La clave mayor del calendario es, quizás, que nunca se detiene. La agenda nos ubica en la ruta del día. Si nos sorprende la lluvia nos refugiamos bajo un techo o alguno de sus sucedáneos. Si a esos pertrechos agregamos un gabán, un impermeable, nos mantendremos indemnes. Incluso podemos retozar. 

En la niñez nos baña la etapa más feliz: la lluvia se torna un juguete. Hasta los ríos abren sus copas para recibirla, y fluye luego por todas partes dotando a la tierra y los cultivos del sustento elemental y los mares y océanos rebosan.

Al escampar, la lluvia dispersa en el ambiente un suave perfume de melancolía. ¿Es la lluvia redención celeste? ¿Lágrimas de las divinidades? 

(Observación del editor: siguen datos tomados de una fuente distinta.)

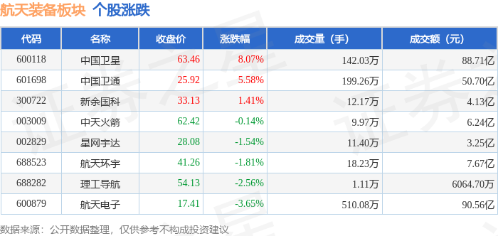 | 代码 | 名称 | 主力净流入 (元) | 主力净占比 游资净流入 (元) | | 游资净占比 散户净流入 (元) | | 散户净点比 | | --- | --- | --- | --- | --- | --- | --- | --- | | 601698 中国卫通 | | 2.83亿 = | 5.58% | -1.09亿 | -2.15% | -1.74亿 | -3.43% | | 600118 中国卫星 | | 1.12 Z | 1.26% | -3313.08万 | -0.37% | -7899.89万 | -0.89% | | 688523 航天环宇 | | 4056.92万 | 5.29% | 2584.12万 | 3.37% | -6641.04万 | -8.66% | | 300722 新会国科 | | -134.42万 | -0.33% | 168.95万 | 0.41% | -34.53万 | -0.08% | | 688282 理工导航 | | -728.65万 | -12.01% | 421.65万 | 6.95% | 307.00万 | 5.06% | | 003009 中天火箭 ...

En el recuerdo perduran los nubarrones gigantescos y oscuros –apoltronados a unos cuantos metros arriba de nuestras cabezas– que la sucedieron. Pusieron sitio al firmamento y ocultaron la claridad durante noches y días subsecuentes. 

Permanecieron los nubarrones allí fijos, como objetos agregados por la naturaleza. 

Se alternaron días que, a pesar de su apariencia nubosa y gris, revelaron al final amaneceres que sonreían promisorios con la marcha del otoño.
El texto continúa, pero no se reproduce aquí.